Winer: Let's assume you do become the nominee, what are you trying to accomplish with your blog?

Gross: It's the same message of the candidate. The only way to defeat George Bush is for everyone to become involved and join the dialogue. It really is a two-way street.

Winer: Does it pay for itself? How much has the Dean campaign raised online?

Gross: I don't know the final numbers, but maybe $12 million this year.

Barrett: The Clark finance numbers aren't public yet, but I can say that two thirds of the money was raised on the Internet.

Winer: Cam, do you have any advice for your competitors?

Barrett: We're going to run into the same problem Matt mentioned: Too many comments on a single post. Use the comments to your advantage and get those people to start their own Weblogs.

Christopher Lydon: Is any candidate bloggable?

Barrett: They need to have a personality, be able to write well, and have something to say.

Question: What happens in the back room?

Barrett: It has to be personal.

Gross: I'd agree. On the Dean campaign, there is no committee discussing what goes on the Weblog.

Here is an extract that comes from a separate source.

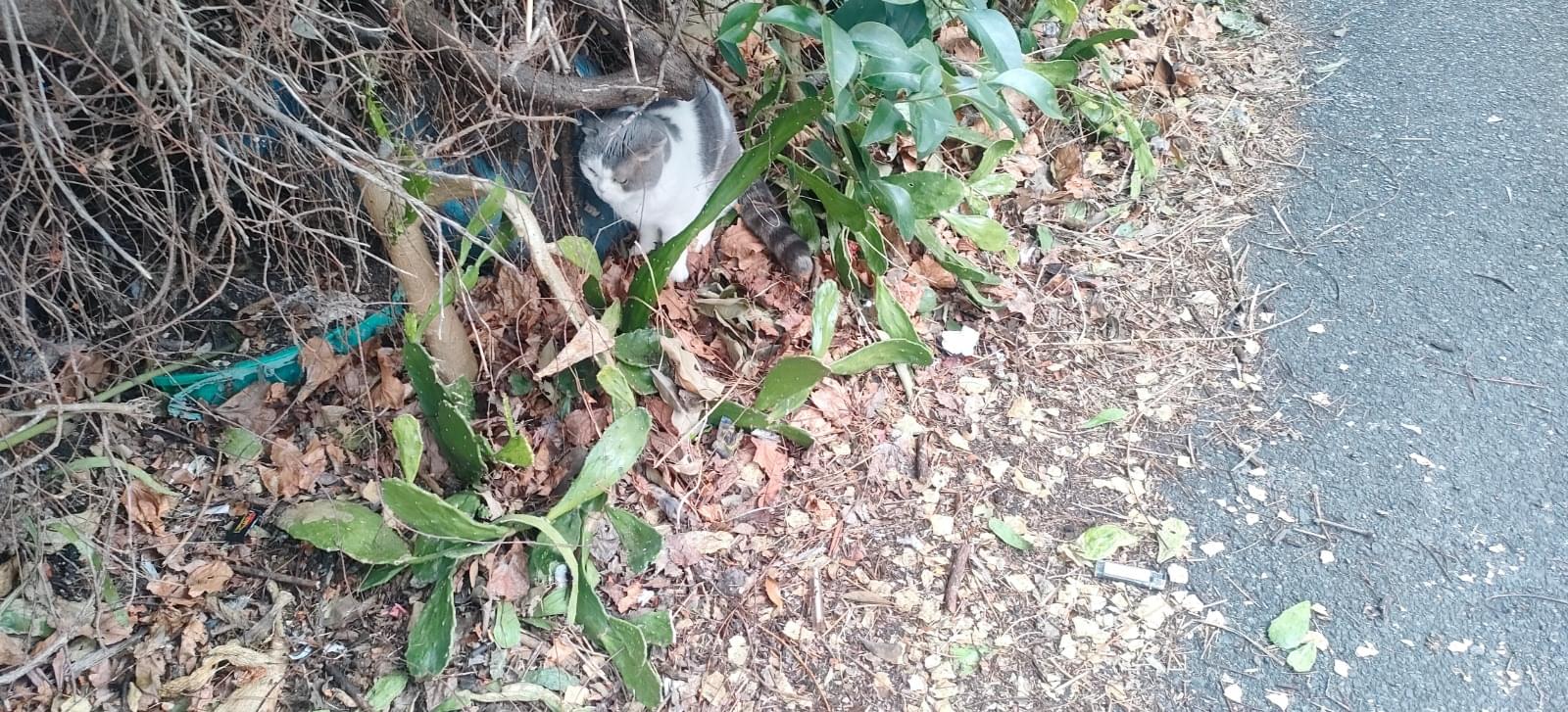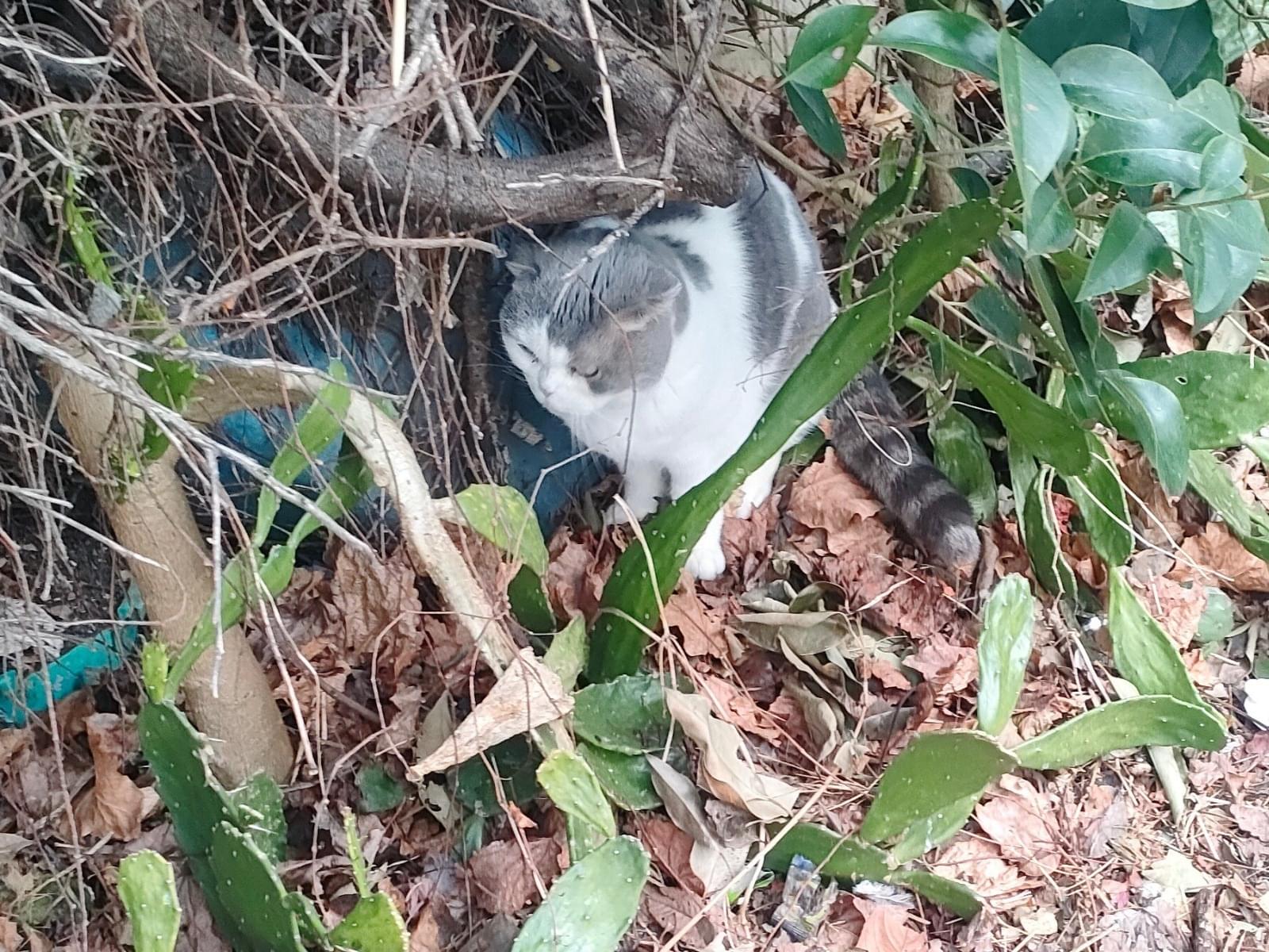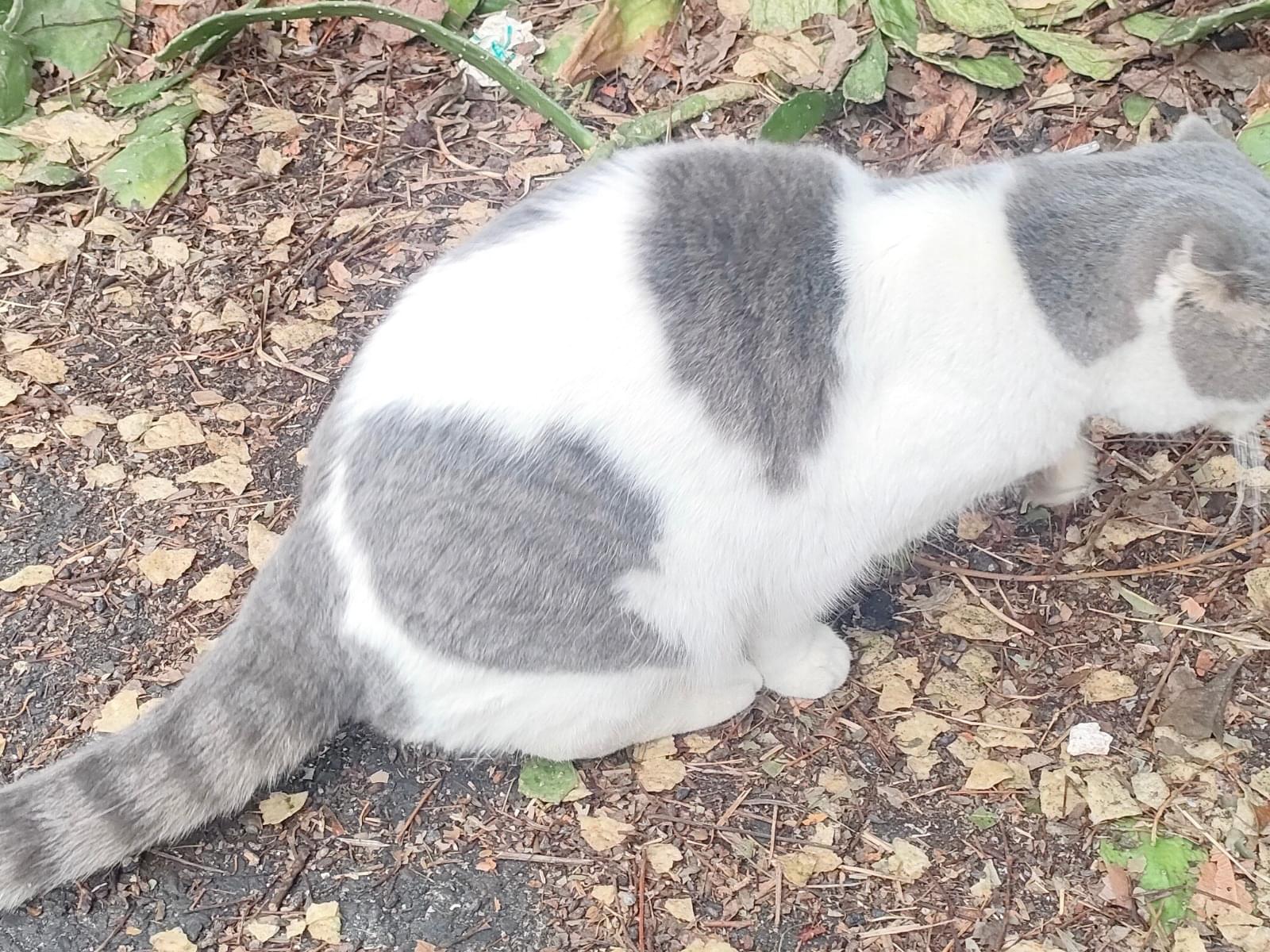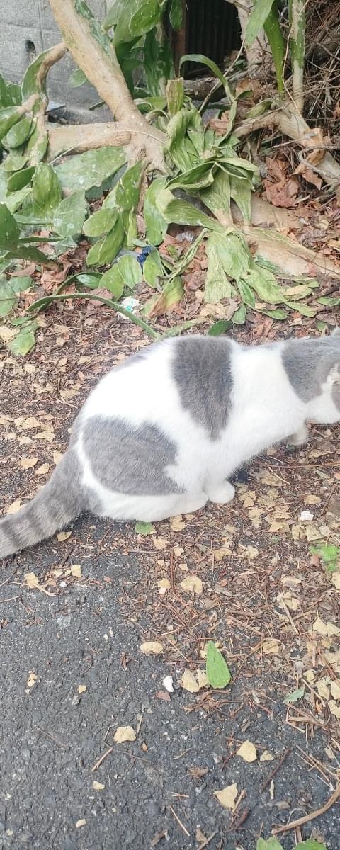 最近よく見かけますが寒いのにお外にいるので心配しています。人懐っこい子なので迷子猫さんなのではないかと思っています。白にグレーの模様、尻尾はしましまです。

What attracts me as a writer to the blogosphere was that as an op-ed writer, the blogosphere has a 15-minute news cycle. That's what's exciting. It's constantly moving. When you slow that down, you reduce the other attraction of the blogosphere, which is the uniqueness of the voices that are out there. There may be multiple voices on a team blog?

Winer: Do you think the DNC blog is a blog?

Barrett: Yeah. It's a good blog. But when the DNC Research Team posts, I'm not interested because I don't know who they are.

Folley: We want people to use their names, but Research fought that and wanted to post as a division.

Gross: The chief blogger is the chief communicator between people who leave comments and the people running the campaign.

Jones: People don't care about policy. People don't have time to know about policy. This is a way to build community and buzz.

Gross: If you're a hierarchical campaign with the command at the top, the captains and the lieutenants, and it just goes down, the blog is nothing but window dressing. Blogging is revolutionizing presidential politics, depending on the internal politics, is the commenting. You get real-time feedback, and you know you're talking as though you're in the room in Burlington HQ. And you are. It used to be that maybe you'd send an email. May make a phone call. Now what you have is lateral communication at the national political level. Certain phrases, things, and ideas come up to us.

Question: I see blogs right now just as buzz. This is the first election in which they're being used, and we haven't seen any results. To be honest, I'm affiliated with another campaign.

Winer: Which campaign?

Gross: Be honest.

Question: Edwards. And if we're only reaching 2% of the population, that's not going to win us a campaign.

Gross: One of the things that's been interesting about the Dean blog is that 70-80% of the people who have come to our site didn't know what a blog was. At the same time, you need to treat bloggers as opinion makers. They have influence.

Dan Gillmor: Expand on that a little bit. The Dean campaign has embraced a lot of stuff they're not responsible for. You've been thrilled with the other people out there. The Clark campaign has not, at least reportedly, treated independent bloggers as well as they would have liked.

Barrett: I wasn't involved in the rift between the Draft Clark campaigns. But I do know that there was a problem legally between one of the Draft Clark campaigns and the main campaign -- and one journalist decided to make a story out of it.

Question: When your candidate wins, what happens to the blog?

Gross: It becomes the White House blog.